[Items from a data source]
========================
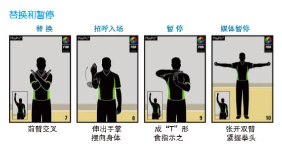 当场上出现死球、掌握球权的一方要求换人时,裁判需要将两只前臂交叉放在胸前,示意换人;当掌握球权的一方要求暂停时,裁判需要将右臂抬起,掌心向下水平放置,左手伸出食指与右臂配合做出“T”(英文Timeout的缩写)形来示意暂停。
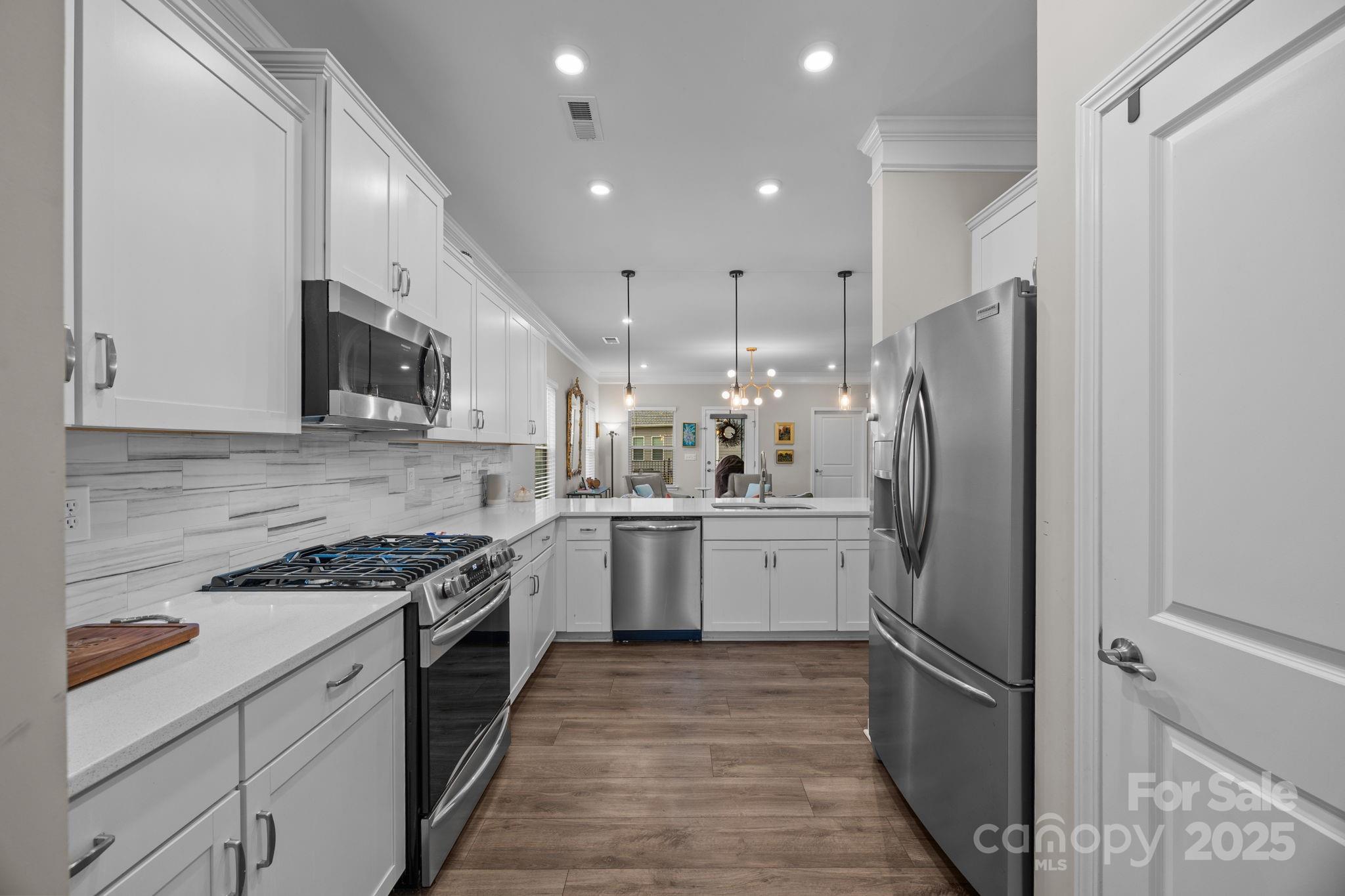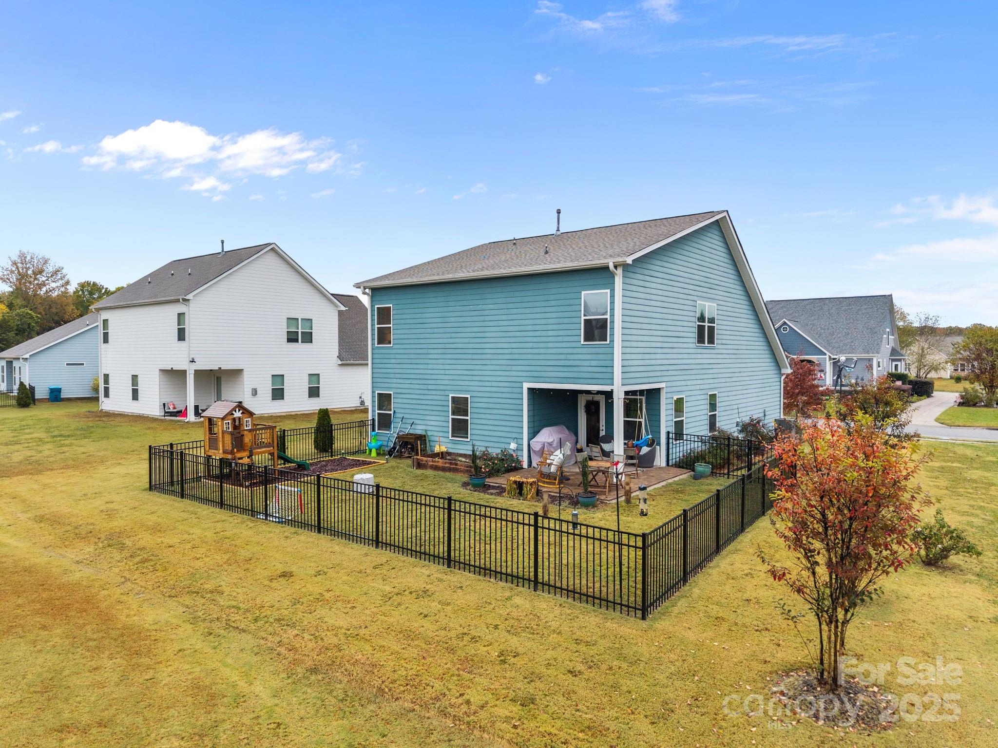 Built just four years ago, this 2,144-square-foot, two-story home features three bedrooms and two and a half baths with a smart layout that includes the primary suite conveniently located on the main floor. The home has been exceptionally maintained and enhanced with quality upgrades throughout. The kitchen is the heart of the home, featuring upgraded Frigidaire gas appliances, soft-close cabinetry with dovetail drawers, and modern lighting that carries through the kitchen, dining, living, and foyer areas. The open floor plan flows seamlessly, creating an inviting space for both entertaining and daily living. The primary suite offers a peaceful retreat with an oversized soaking tub, a separate walk-in shower, and custom shelving that maximizes closet space. Upstairs, two additional bedrooms and a spacious media room each include ceiling fans for comfort and function. Outside, the fenced backyard is designed for relaxation and play. The extended paver patio provides the perfect outdoor gathering space, complemented by a raised garden bed, a designated play area, and healthy, well-tended landscaping. Additional upgrades include an aluminum fence surrounding the backyard, closet shelving in storage areas and the garage, and durable hardboard siding for long-lasting quality. Every improvement from lighting and fixtures to layout and landscaping has been done with care and attention to detail. Nestled within The Reserve at the Country Club, this home combines modern living, thoughtful upgrades, and a convenient location close to the Country Club of Salisbury. It’s move-in ready, beautifully maintained, and truly a place to call home!
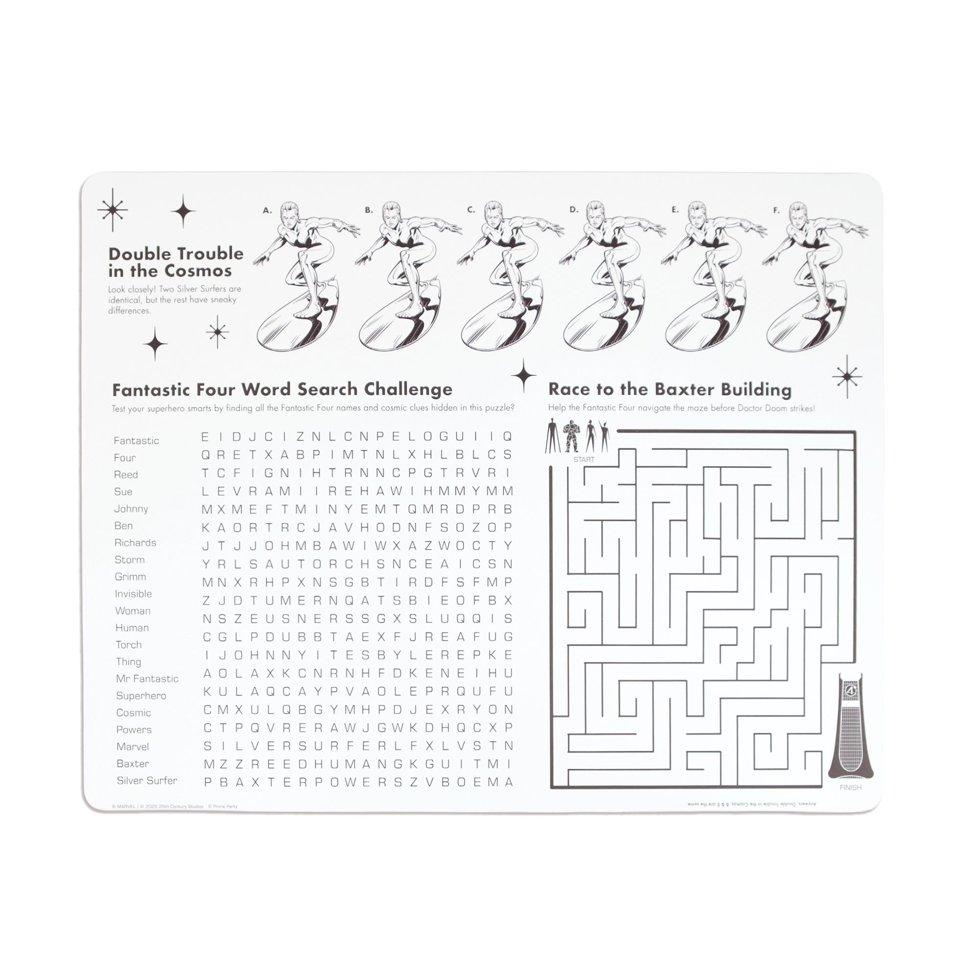 Fantastic 4 Placemats (Pack of 8) protect tables from spills and messes. The disposable design makes cleanup easy. Great for meals, crafts, or themed settings.
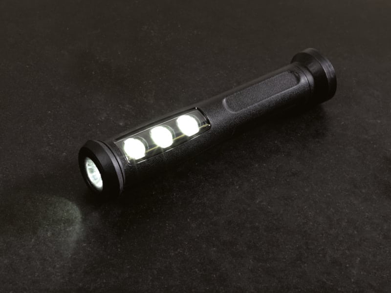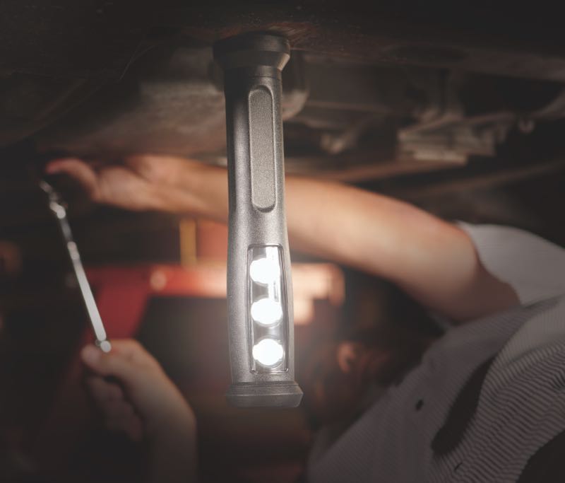 The Mac Tools Worklight features a polycarbonate casing with TPEย (thermoplastic elastomer) textured coating finish. This outer coating isย a sort of rubberized coating that gives the flashlight a good grip and protection from falls. Of course, while thatโs impressive, Macย Tools also made the new LED Work Light water resistant โ the switch isย 100% sealed from water, dirt, and dust. Of course, allย of this is backed up with an IP54 rating.
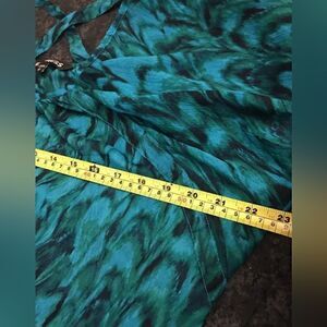 Express Women's 3/4 Sleeve Blue Swirled Pattern Semi Sheer Top Shirt - Size S
========================
Pictures are to be left out; all other data must be returned exactly.

 当场上出现死球、掌握球权的一方要求换人时,裁判需要将两只前臂交叉放在胸前,示意换人;当掌握球权的一方要求暂停时,裁判需要将右臂抬起,掌心向下水平放置,左手伸出食指与右臂配合做出“T”(英文Timeout的缩写)形来示意暂停。
 Built just four years ago, this 2,144-square-foot, two-story home features three bedrooms and two and a half baths with a smart layout that includes the primary suite conveniently located on the main floor. The home has been exceptionally maintained and enhanced with quality upgrades throughout. The kitchen is the heart of the home, featuring upgraded Frigidaire gas appliances, soft-close cabinetry with dovetail drawers, and modern lighting that carries through the kitchen, dining, living, and foyer areas. The open floor plan flows seamlessly, creating an inviting space for both entertaining and daily living. The primary suite offers a peaceful retreat with an oversized soaking tub, a separate walk-in shower, and custom shelving that maximizes closet space. Upstairs, two additional bedrooms and a spacious media room each include ceiling fans for comfort and function. Outside, the fenced backyard is designed for relaxation and play. The extended paver patio provides the perfect outdoor gathering space, complemented by a raised garden bed, a designated play area, and healthy, well-tended landscaping. Additional upgrades include an aluminum fence surrounding the backyard, closet shelving in storage areas and the garage, and durable hardboard siding for long-lasting quality. Every improvement from lighting and fixtures to layout and landscaping has been done with care and attention to detail. Nestled within The Reserve at the Country Club, this home combines modern living, thoughtful upgrades, and a convenient location close to the Country Club of Salisbury. It’s move-in ready, beautifully maintained, and truly a place to call home!
 Fantastic 4 Placemats (Pack of 8) protect tables from spills and messes. The disposable design makes cleanup easy. Great for meals, crafts, or themed settings.
 The Mac Tools Worklight features a polycarbonate casing with TPEย (thermoplastic elastomer) textured coating finish. This outer coating isย a sort of rubberized coating that gives the flashlight a good grip and protection from falls. Of course, while thatโs impressive, Macย Tools also made the new LED Work Light water resistant โ the switch isย 100% sealed from water, dirt, and dust. Of course, allย of this is backed up with an IP54 rating.
 Express Women's 3/4 Sleeve Blue Swirled Pattern Semi Sheer Top Shirt - Size S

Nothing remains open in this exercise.